DATA BLOCK
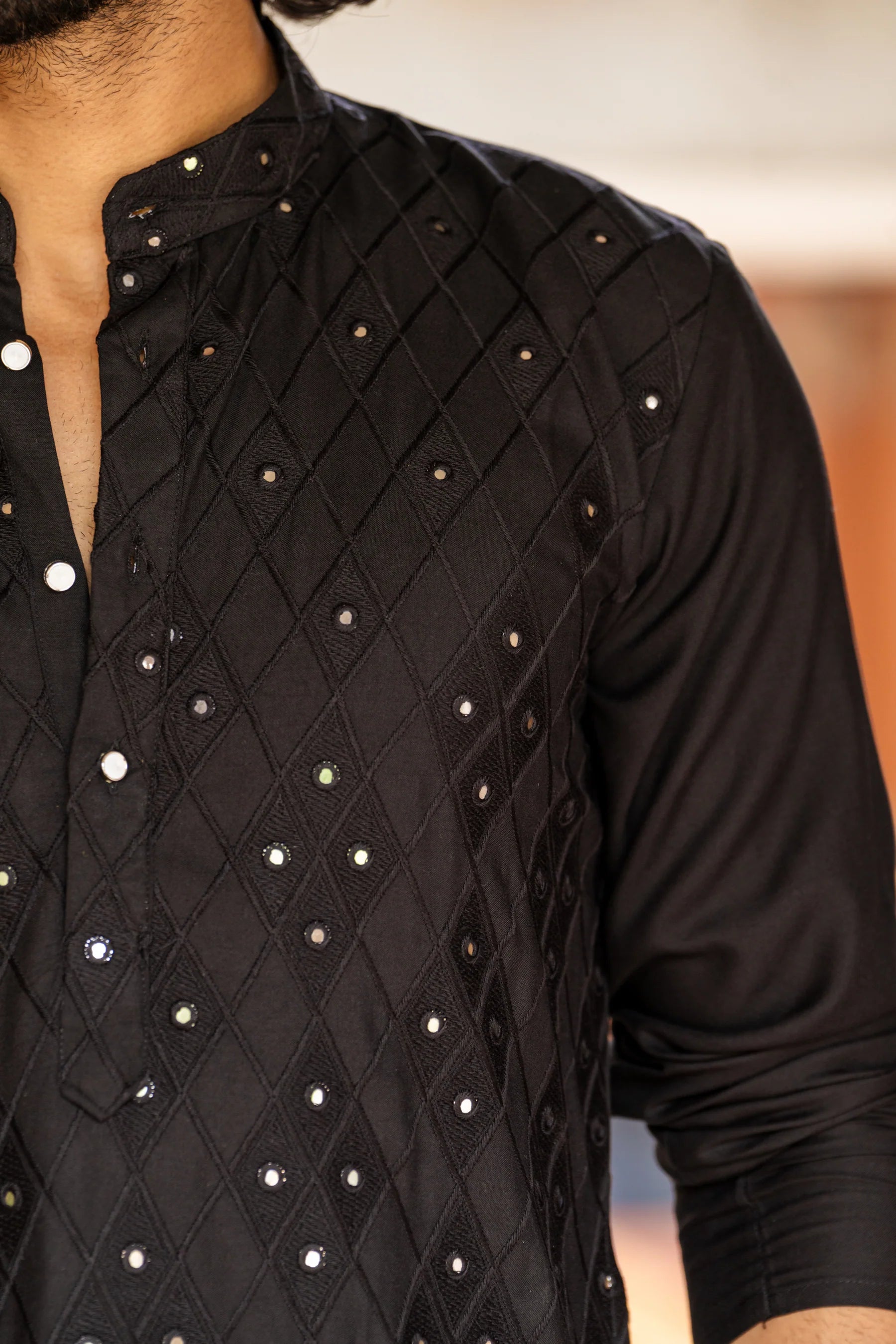 Why You’ll Love It – Jet Black Chikan Mirror Kurta
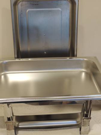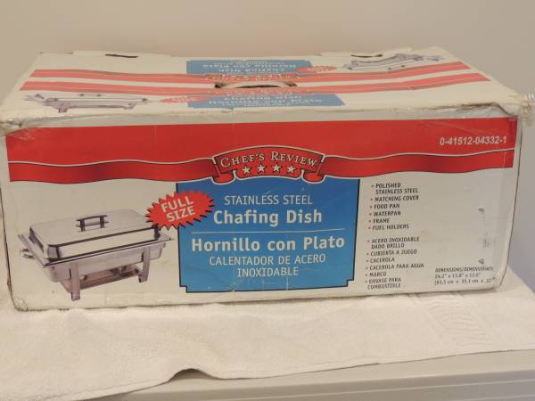 Stainless steel chafing dish (Chef's Review brand). In it's original box. Excellent condition. Contains food and water pan, frame and lid. **One fuel holder only.
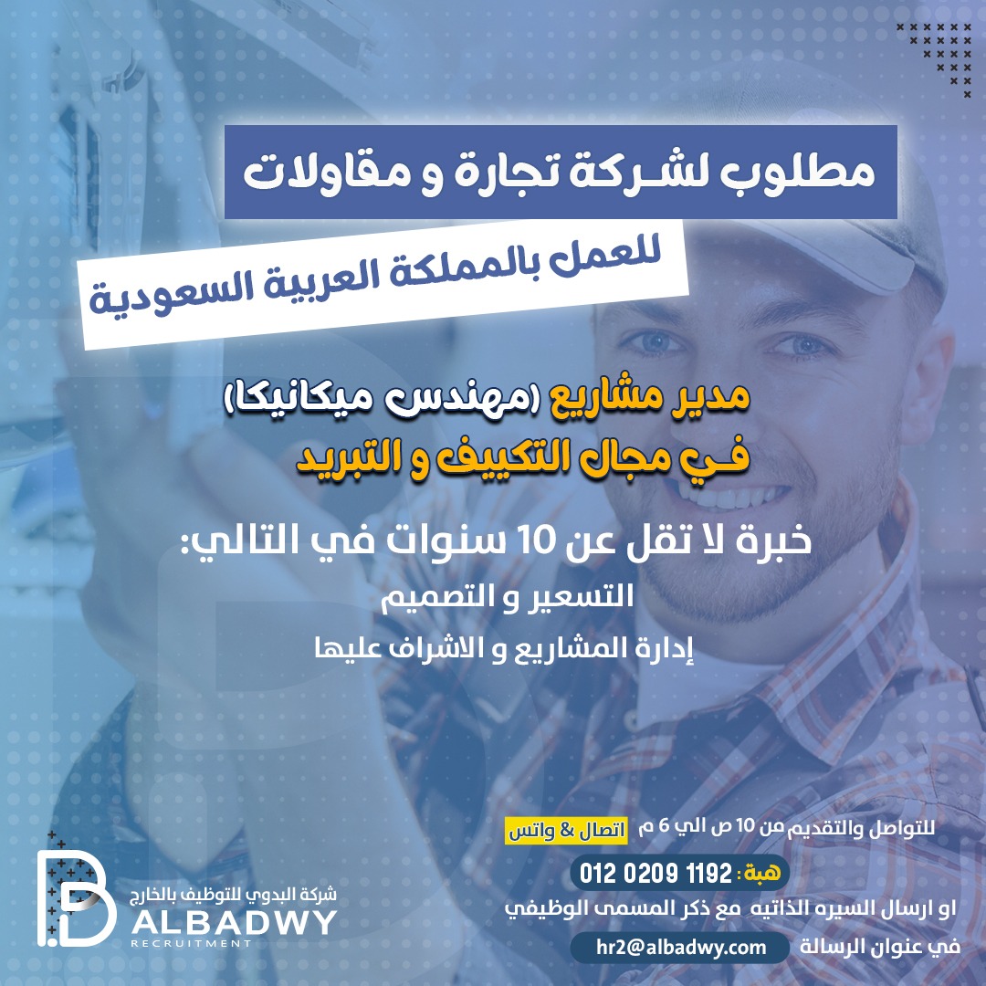 مدير مشاريع (مهندس ميكانيكا) في مجال التبريد والتكييف للعمل لدي كبري شركات المقاولات بالسعودية
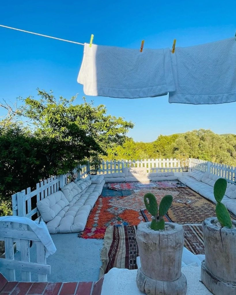Las postales traducen la tranquilidad del lugar en el que se alojó la pareja, con una decoración rústica, flores, plantas y una ambientación característica de la zona.

EXERCISE GOAL
Please copy the data above word for word, but only from the line that contains "مدير مشاريع (مهندس" through the final line, both included, and without the pictures.

WRITTEN SOLUTION
 مدير مشاريع (مهندس ميكانيكا) في مجال التبريد والتكييف للعمل لدي كبري شركات المقاولات بالسعودية
Las postales traducen la tranquilidad del lugar en el que se alojó la pareja, con una decoración rústica, flores, plantas y una ambientación característica de la zona.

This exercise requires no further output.